Rocket Companies is acquiring mortgage rival Mr. Cooper Group in an all-stock transaction valued at $9.4 billion, the Detroit-based firm announced Monday, marking its second major acquisition this month and positioning itself to hold one in every six mortgages in the U.S.

The deal adds nearly 7 million customers to Rocket's portfolio and comes less than three weeks after it agreed to buy real estate listing platform Redfin in a $1.75 billion stock deal. Rocket said the latest transaction will expand loan volume, create recurring revenue streams, and reduce client acquisition costs.

"By combining Mr. Cooper and Rocket, we will form the strongest mortgage company in the industry, offering an end-to-end homeownership experience backed by leading technology and grounded in customer care," said Jay Bray, Chairman and CEO of Mr. Cooper. Bray will become President and CEO of Rocket Mortgage upon deal completion and report to Rocket Cos. CEO Varun Krishna.

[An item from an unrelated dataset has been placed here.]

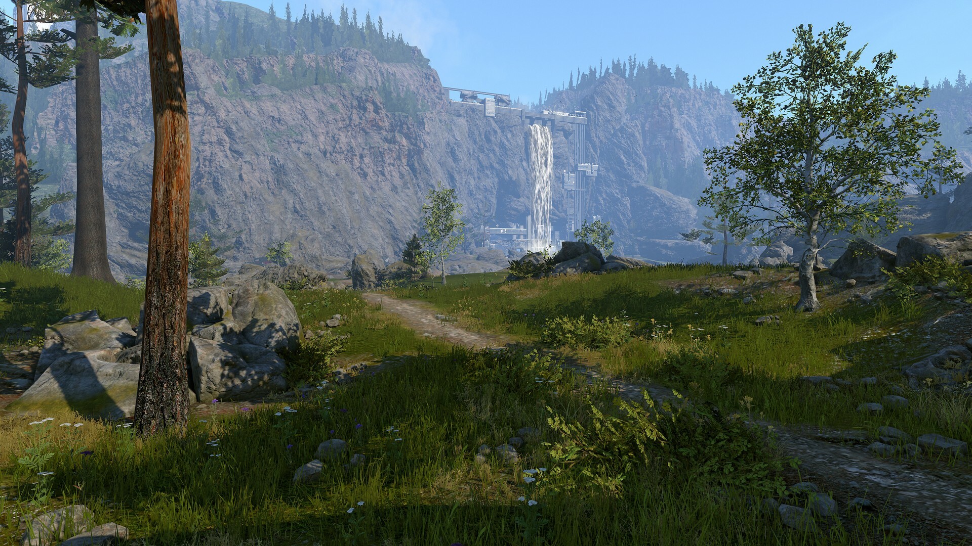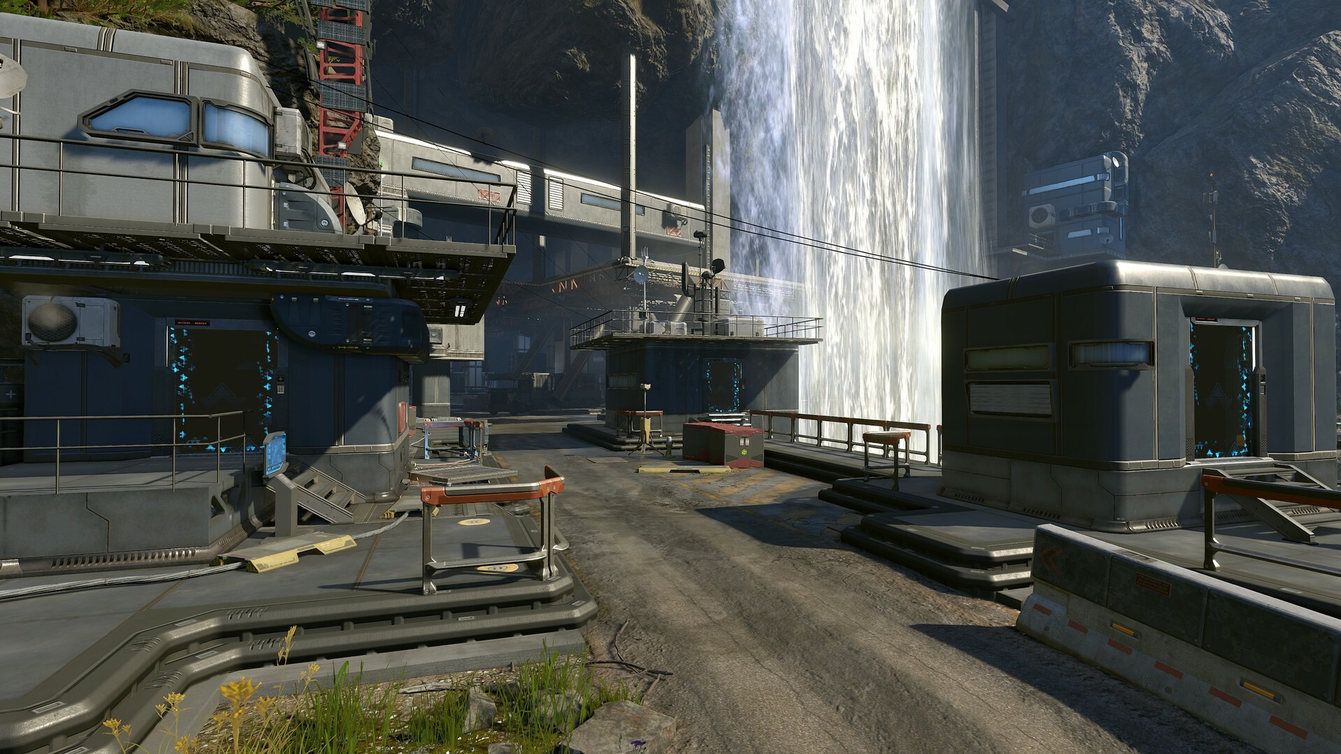 The squad crosses a mountain pass and reaches the tower from behind — the waterfall, from where provisions and gear for the inside complex is supplied. The fighters face resistance from turrets and a SED, and having cleared them, they take an elevator to the internal perimeter of the Labyrinth.

Mr. Cooper shareholders will receive 11 Rocket shares for each share they hold. After the merger, Rocket shareholders will own approximately 75% of the combined company, while Mr. Cooper shareholders will control about 25%. The board will consist of 11 members, including nine from Rocket and two from Mr. Cooper.

Rocket said the transaction is expected to be immediately accretive to its adjusted earnings per share and will generate an additional $100 million in pre-tax revenue, with an anticipated $400 million in cost synergies through streamlined operations and reduced corporate and tech expenses. The deal is expected to close in the fourth quarter of 2025.

Mr. Cooper shares rose 27% to $132.10 in premarket trading Monday, though they remained below Rocket's offer price of $143.33. Rocket shares dropped 4.4%.

Rocket's aggressive acquisition strategy comes as the U.S. housing market continues to navigate high mortgage rates and low affordability. Existing home sales rose 4.2% in February, according to the National Association of Realtors, reaching a seasonally adjusted annual rate of 4.26 million. However, overall home sales remain depressed compared to pre-2022 levels due to elevated borrowing costs.